Give him some time. He may become more affectionate as he gets a little older. Our last Golden, Chewy, did not even want pets until she was close to a year old.


----------



## Sheldon (Feb 27, 2013)

Tayla's Mom said:


> Tayla wasn't as a puppy. She was too busy biting us.  Now at 1 1/2 years she will lay on my husband's lap and she has worked out a way to sit next to me and fall backwards into my arms. Some may not start out as snugglers, but that doesn't mean they don't become one later.


 Oh he is a little land shark.......it kills me when he wrinkles his nose and tries to sneak in a last minute bite after getting told "we don't bite!"
He just shows no real affection and as I stated a little aloof .......but gets all upset when I leave the room or gone for a couple days on business.


----------



## Claudia M (Aug 8, 2012)

give it time - soon you'll be typing with one hand as I am doing right now because this brat has decided to sleep across my chest.


----------



## Sheldon (Feb 27, 2013)

Claudia M said:


> give it time - soon you'll be typing with one hand as I am doing right now because this brat has decided to sleep across my chest.


 That is an awesome photo!


----------



## Claudia M (Aug 8, 2012)

Now I can type - She has finally moved to the other side of the bed - she has started doing this every night and she does the rounds in all bedrooms - as if checking on us. When she was little she would sleep by the bed, now at almost 11 months she is on top of us.


----------



## BriGuy (Aug 31, 2010)

Cookie became a great snuggler some time after she turned one. She loves to put her head on our lap when we sit on the couch. 

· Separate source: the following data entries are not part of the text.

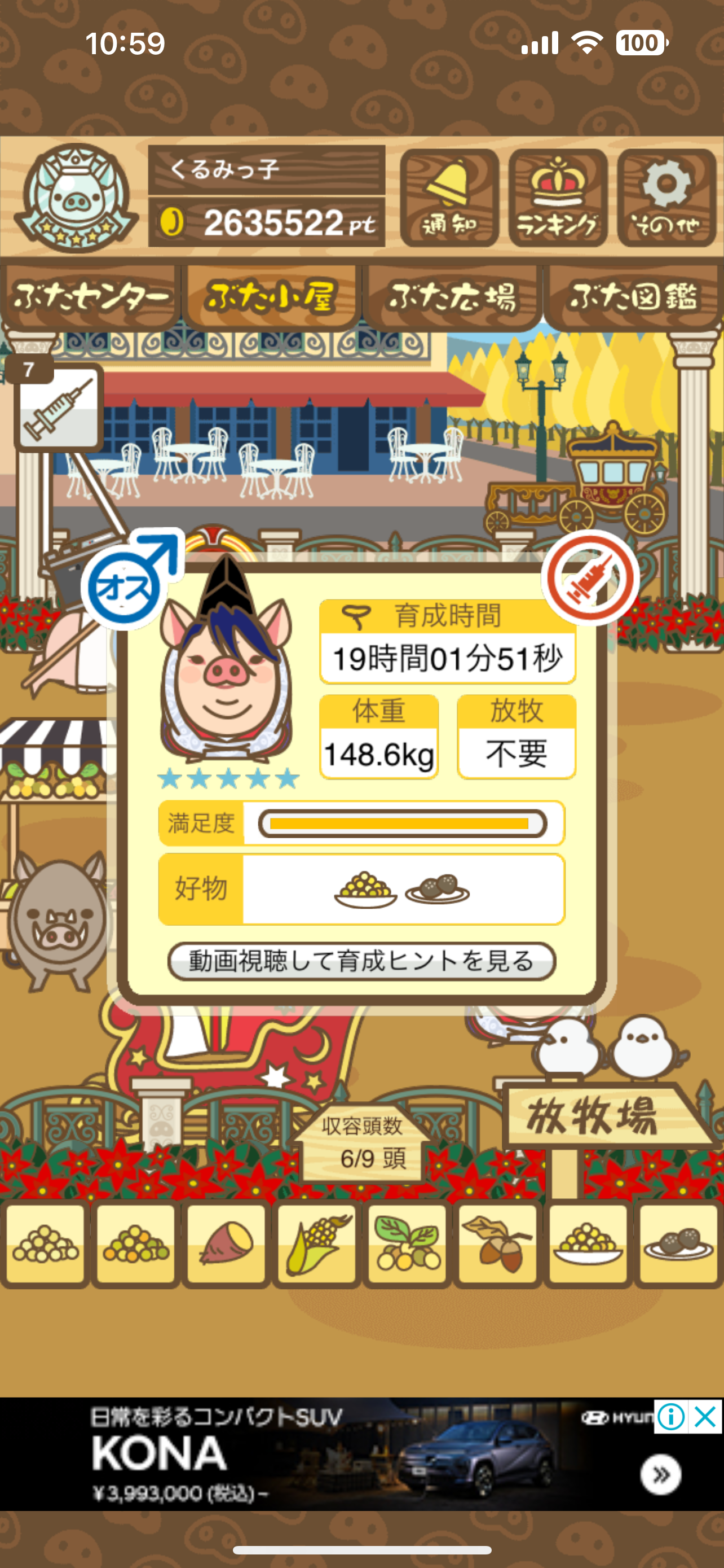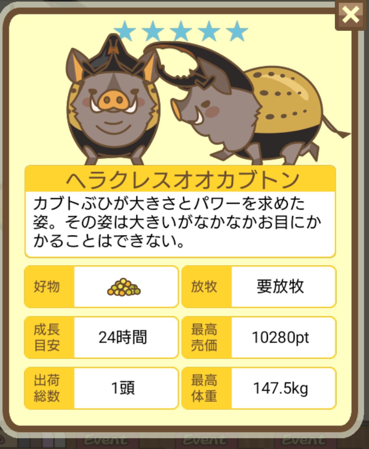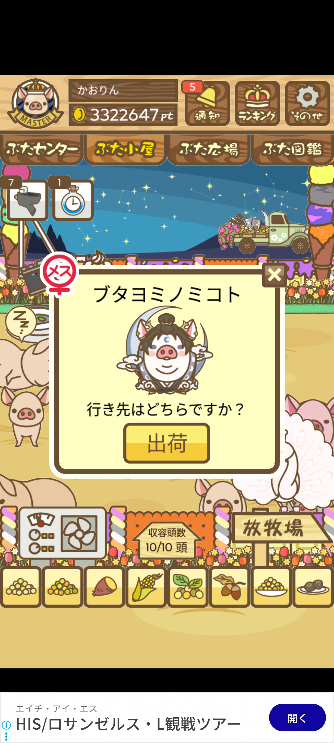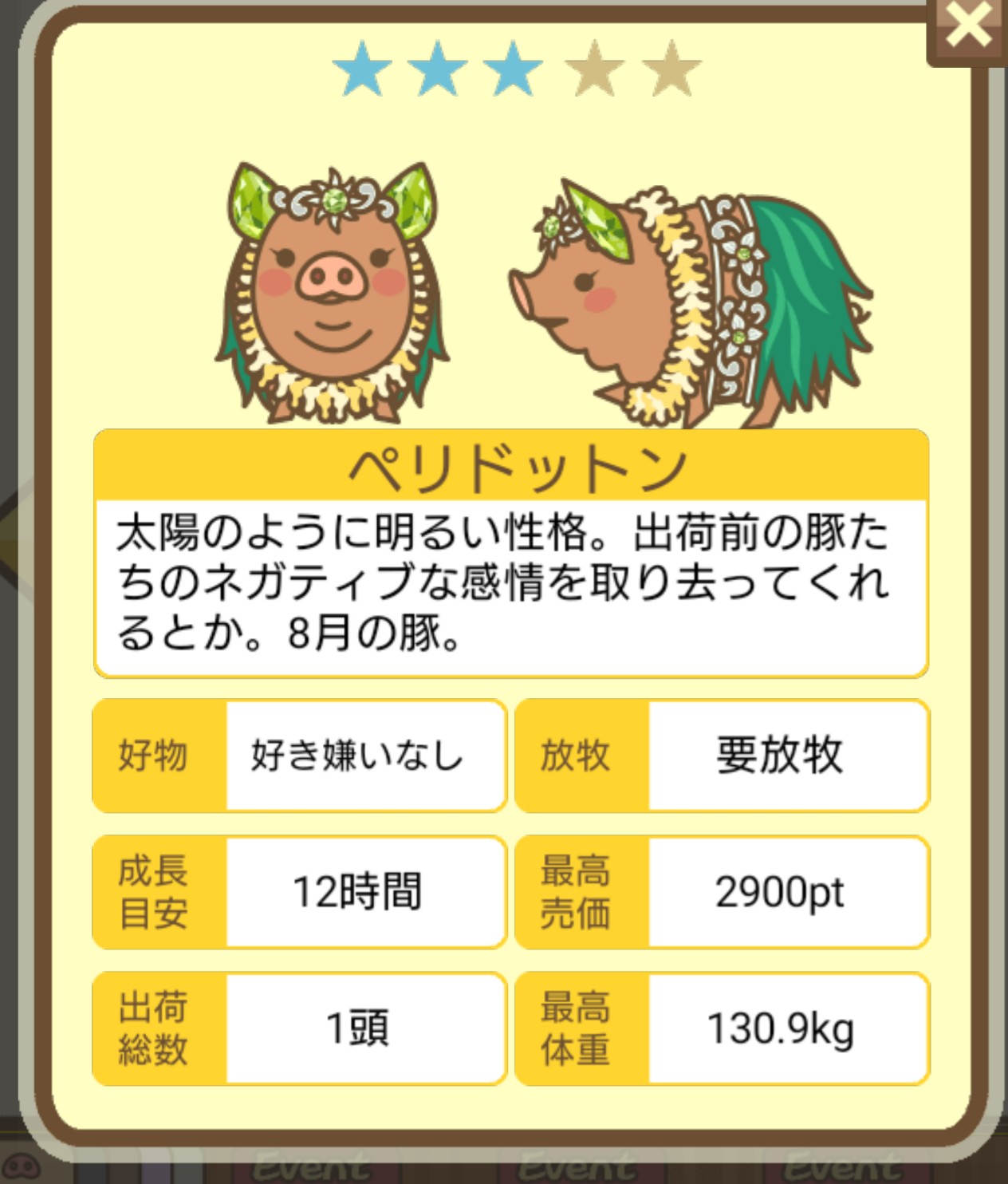 - エサ トリュフ16回、エサをあげるたびに小屋と放牧場移動、成豚時に他の豚(4頭)を放牧場に移動 で成功しました!!2回目の挑戦です!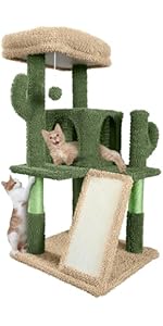 The CAPHAUS Cactus Cat Tree is a 58-inch tall, multi-level indoor cat tower designed for cats of all sizes. Featuring spacious padded perches, a cozy hammock, sisal-wrapped scratching posts, and a roomy condo, it supports natural feline behaviors like climbing, scratching, and resting. Constructed with durable materials and a reinforced base, it safely accommodates multiple cats while adding a unique cactus-inspired aesthetic to your living space.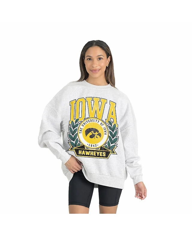 Gameday Couture Women's Gray Iowa Hawkeyes Premium Fleece Drop Shoulder Oversized Pullover Sweatshirt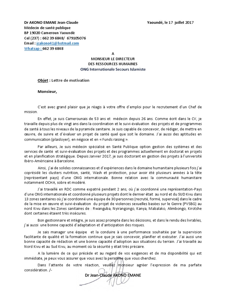 Ses responsabilités varient selon le projet et la taille des équipes. Publié 14 décembre 2020. Lettre de motivation mission humanitaire.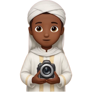 Personnage 3D mignon en style Pixar, un petit garçon portant un qamis blanc et un kufi, tenant un tapis de prière, entouré de lanternes brillantes, fond doux, couleurs chaudes, garçon teint noir TENANT UN APPAREIL PHOTO emoji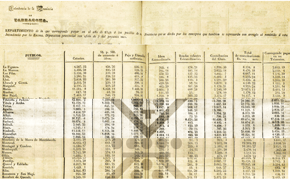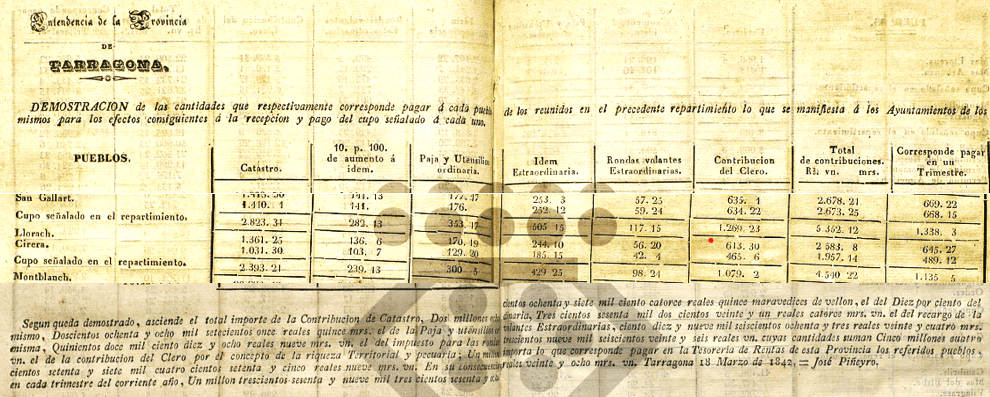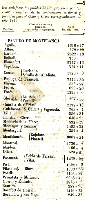 Detall quantificat poble a poble sobte la Contribució de “Culto y Clero”; a l’ordre hi ha el detall dels municipis i dels imports assignats. Llorac i La Cirera ja venen agregats.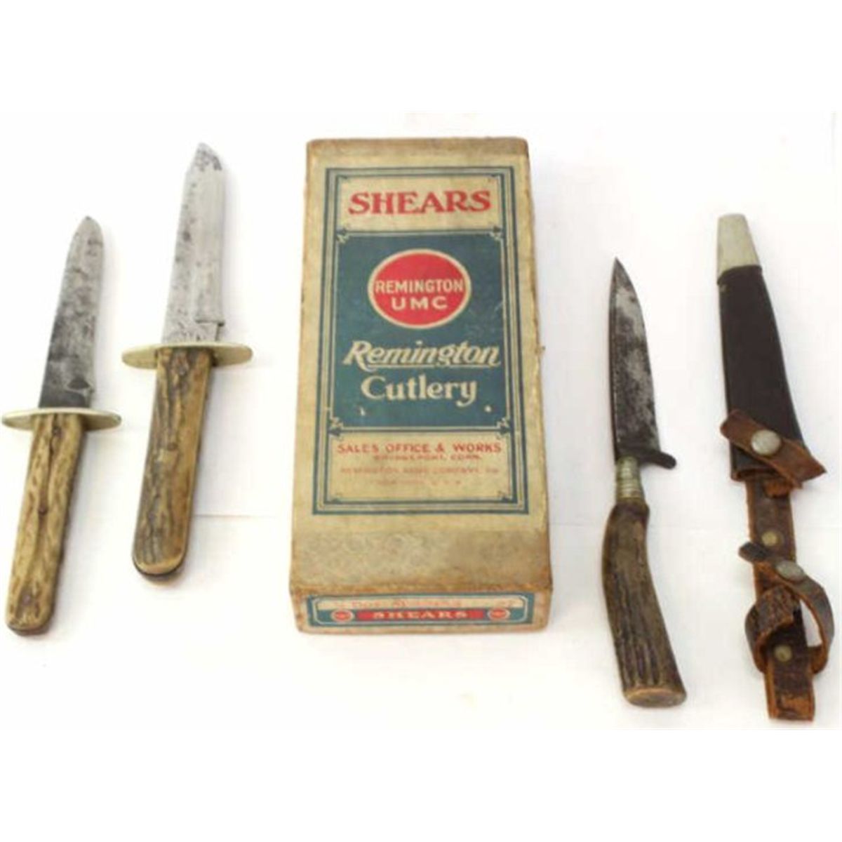 Collection of 4 includes 3 knives and 1 box including a stag handle spear point marked Henne on the 4 " blade with original leather sheath, stag handled knife with 4 1/2" blade marked John Newton on the ricasso, stag handled knife with 4" blade marked

One thing I know about her is that when it is warm out, she is much less snuggly and prefers to sleep on the hardwood floor.


Untitled by 82Blueberry, on Flickr


----------



## Mayve (Aug 21, 2012)

Sage snuggles some and only on her terms. She did not like to snuggle when she was little...so maybe as she gets older she'll get even more snuggly..

Sent from Petguide.com Free App


----------



## Sheldon's Mom (Dec 29, 2012)

Just saw your post.
My Sheldon is just the opposite. He is 8 months old today and he is a
cuddler and velcro dog. Always was.
From day one he always wanted to cuddle and is constatntly in front of me looking to be petted especially when I want to watch TV.
From what you describe your Sheldon is very attached to you but prefers his
alone space. As you read some goldens cuddle more as they get older.
Great photo of the two of you !!!!


----------



## Sheldon (Feb 27, 2013)

Sheldon's Mom said:


> Just saw your post.
> My Sheldon is just the opposite. He is 8 months old today and he is a
> cuddler and velcro dog. Always was.
> From day one he always wanted to cuddle and is constatntly in front of me looking to be petted especially when I want to watch TV.
> ...


 Hey You!
Good to hear from you again! Its just so strange as my Sheltie, Miss Katie was so clingy. I remember when we got a new Tempur mattress and it was hard for her to get on the bed, she would whine and whimper till we lifted her on the bed at night to snuggle in..........Sheldon on the other hand would prefer to be in the living room watching Leno by himself at night!! :bowl:


----------



## GinnyinPA (Oct 31, 2010)

It sounds like your Sheldon is very attached to you. He just shows it in his own way. That may change as he gets older -- or not. 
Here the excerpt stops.